Records from a collection:
* * * * * * *

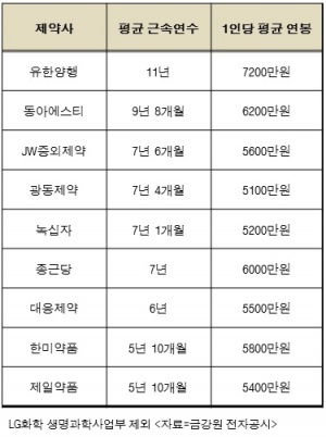 10´ë Á¦¾à»ç Áß °¡Àå ±Ù¼Ó¿¬¼ö°¡ ª¾Ò´ø Á¦¾à»ç´Â Çѹ̾àǰ°ú Á¦ÀϾàǰÀ¸·Î 5³â 10°³¿ù, 1ÀÎ´ç Æò±Õ ¿¬ºÀÀÌ °¡Àå ³·¾Ò´ø Á¦¾à»ç´Â ±¤µ¿Á¦¾àÀ¸·Î 5100¸¸¿øÀ̾ú´Ù.
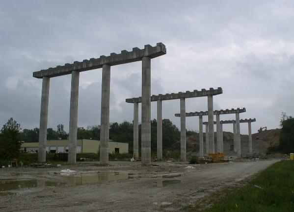 | The piers for the highway coming of the south bluff. (Sept. 2006) |
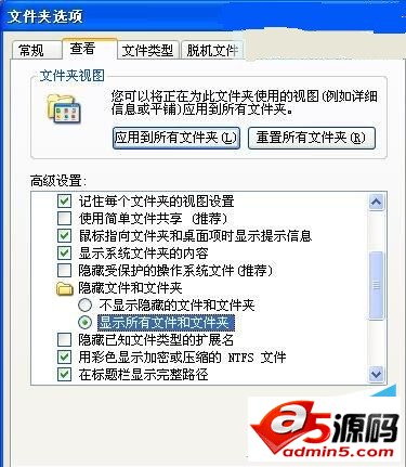 首先用鼠标双击系统桌面中的“我的电脑”图标,在其后弹出的窗口中依次单击“工具”/“文件夹选项”菜单命令,打开文件夹选项设置窗口,单击该窗口中的“查看”标签,并在对应标签页面中选中“显示所有文件和文件夹”项目,同时将“隐藏受保护的操作系统文件”的选中状态取消掉,再单击“确定”按钮,这么一来“Autorun.inf”病毒文件就会显示在各个分区根目录窗口中了;
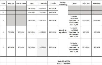 THỜI KHOÁ BIỂU TRƯỜNG TIỂU HỌC THANH LIỆT
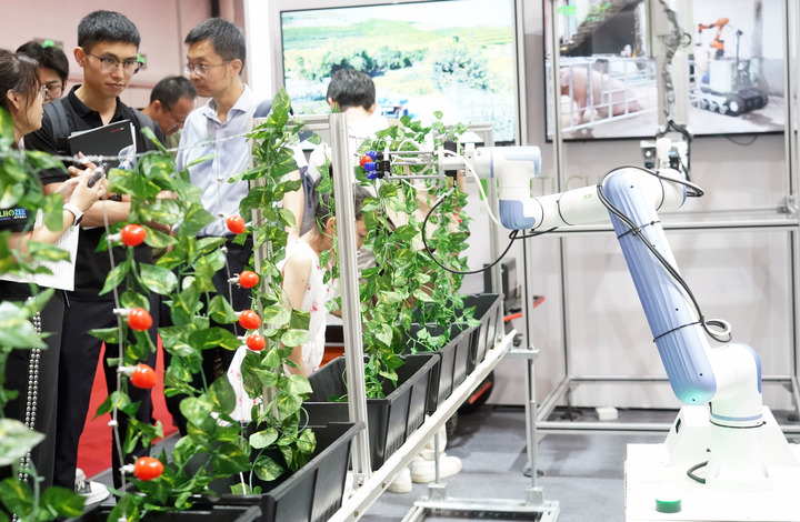 在農(nóng)業(yè)展區(qū),碩大的果園多臂采摘機(jī)器人引人注目。機(jī)械手臂通過(guò)位置和光感靈敏伸出準(zhǔn)確抓住一個(gè)蘋果,讓觀眾對(duì)農(nóng)業(yè)現(xiàn)代化和智能化有了更直觀的了解。這款機(jī)器人由北京市農(nóng)林科學(xué)院智能裝備技術(shù)研究中心研制,通過(guò)機(jī)械臂和果實(shí)獲取裝置,實(shí)現(xiàn)采果、納果、儲(chǔ)果全程自動(dòng)化采收,并具備晝夜連續(xù)作業(yè)的能力,每小時(shí)可以采摘400至550果,大幅提升了采摘效率。

* * * * * * *

### Work to complete
The records above are to be set down exactly as written, with no images.

### Your response
 10´ë Á¦¾à»ç Áß °¡Àå ±Ù¼Ó¿¬¼ö°¡ ª¾Ò´ø Á¦¾à»ç´Â Çѹ̾àǰ°ú Á¦ÀϾàǰÀ¸·Î 5³â 10°³¿ù, 1ÀÎ´ç Æò±Õ ¿¬ºÀÀÌ °¡Àå ³·¾Ò´ø Á¦¾à»ç´Â ±¤µ¿Á¦¾àÀ¸·Î 5100¸¸¿øÀ̾ú´Ù.
 | The piers for the highway coming of the south bluff. (Sept. 2006) |
 首先用鼠标双击系统桌面中的“我的电脑”图标,在其后弹出的窗口中依次单击“工具”/“文件夹选项”菜单命令,打开文件夹选项设置窗口,单击该窗口中的“查看”标签,并在对应标签页面中选中“显示所有文件和文件夹”项目,同时将“隐藏受保护的操作系统文件”的选中状态取消掉,再单击“确定”按钮,这么一来“Autorun.inf”病毒文件就会显示在各个分区根目录窗口中了;
 THỜI KHOÁ BIỂU TRƯỜNG TIỂU HỌC THANH LIỆT
 在農(nóng)業(yè)展區(qū),碩大的果園多臂采摘機(jī)器人引人注目。機(jī)械手臂通過(guò)位置和光感靈敏伸出準(zhǔn)確抓住一個(gè)蘋果,讓觀眾對(duì)農(nóng)業(yè)現(xiàn)代化和智能化有了更直觀的了解。這款機(jī)器人由北京市農(nóng)林科學(xué)院智能裝備技術(shù)研究中心研制,通過(guò)機(jī)械臂和果實(shí)獲取裝置,實(shí)現(xiàn)采果、納果、儲(chǔ)果全程自動(dòng)化采收,并具備晝夜連續(xù)作業(yè)的能力,每小時(shí)可以采摘400至550果,大幅提升了采摘效率。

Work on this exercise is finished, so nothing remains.